Biography: Richard Upjohn

Richard Upjohn (1802-1878) was an English-born American architect whose expressive vocabulary of Gothic design helped to make this style popular in the mid-19th century.

Richard Upjohn was born in Shaftesbury, Dorset-shire, on Jan. 22, 1802. At the age of 27 he went to America with his wife and son. Upjohn became a skilled cabinetmaker before entering the profession of architecture, which explains his penchant for precise, meticulous architectural decoration. Detailed Gothic buildings probably gave him more pleasure to design and construct than the currently popular Greek revival style, whose proportions he could approve but whose paucity of decoration was to him absurd.

In 1830 Upjohn settled in New Bedford, Mass., where he was listed as a carpenter and worked in the office of an oil and lumber merchant. Within 3 years Upjohn began designing buildings. The first was a house for Isaac Farrar in Bangor, Maine (1833-1836), in the prevailing Greek revival style. His first church was St. John's, Bangor (1836-1838; destroyed), in the Gothic style, with which he was thereafter identified.

In 1839 Upjohn moved to New York when he was asked to design a new Trinity Church (1839-1846). It is now considered his finest ecclesiastical work. In plan, decoration, and character it is modeled after the church building concepts of the English Ecclesiologists, who believed in returning directly to medieval architecture and liturgy for inspiration. The effect is clear and precise, though to some extent it lacks integration between ornament and structure.

Trinity Church set the tone for numerous other Gothic churches throughout America, and it helped Upjohn get a large number of commissions which placed him at the top of his profession. His other notable churches are the Church of the Ascension, New York City (1840-1841); Christ Church, Brooklyn (1841-1842); Grace Church, Providence, R.I. (1847-1848); Grace Church, Utica, N.Y. (1856-1860); St. Peter's, Albany, N.Y. (1859-1860); Central Congregational Church, Boston, Mass. (1865-1867); and St. Thomas's, New York City (1868-1870) - all designed in variations of the Gothic theme.

Upjohn's public and commercial buildings were generally done in an Italianate style with semicircular, arched windows and doors. They are monotonous in the repetition of motifs and lack compensating decoration.

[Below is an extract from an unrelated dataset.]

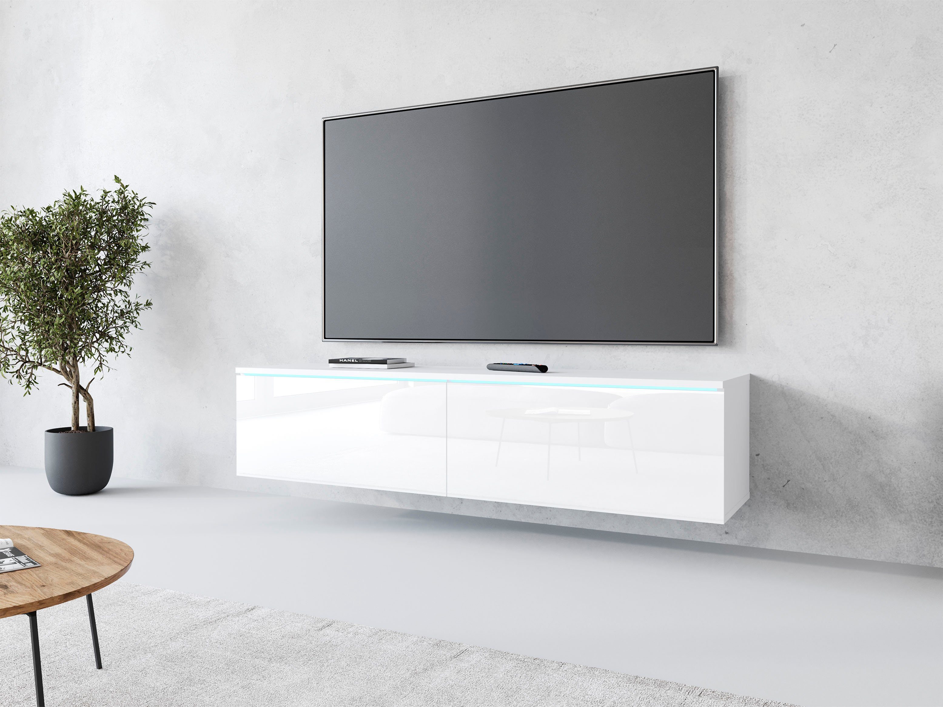 • YINXSLO TV Schrank Hängend 180 Cm Weiß - Kautschukholz Lowboard Mit Schubladen

Sporadic attempts to form an association of professional architects were made for 2 decades before Upjohn and 12 other New York architects organized as the American Institute of Architects in 1857, with Upjohn as first president. The list of members soon included all the best architects of the era, and the institute is still central to all professional activity in the country.

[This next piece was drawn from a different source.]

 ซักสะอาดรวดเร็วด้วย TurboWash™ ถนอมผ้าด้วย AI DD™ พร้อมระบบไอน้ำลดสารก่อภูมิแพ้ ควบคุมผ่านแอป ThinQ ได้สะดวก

Rural Architecture (1852) is Upjohn's only complete book, though many drawings and photographic views of his buildings appeared in contemporary magazines. He died in Garrison, N.Y., on Aug. 16, 1878. His most important pupil was his son Richard M. Upjohn.

Further Reading

The definitive book on Upjohn is Everard M. Upjohn, Richard Upjohn: Architect and Churchman (1939; repr. 1968).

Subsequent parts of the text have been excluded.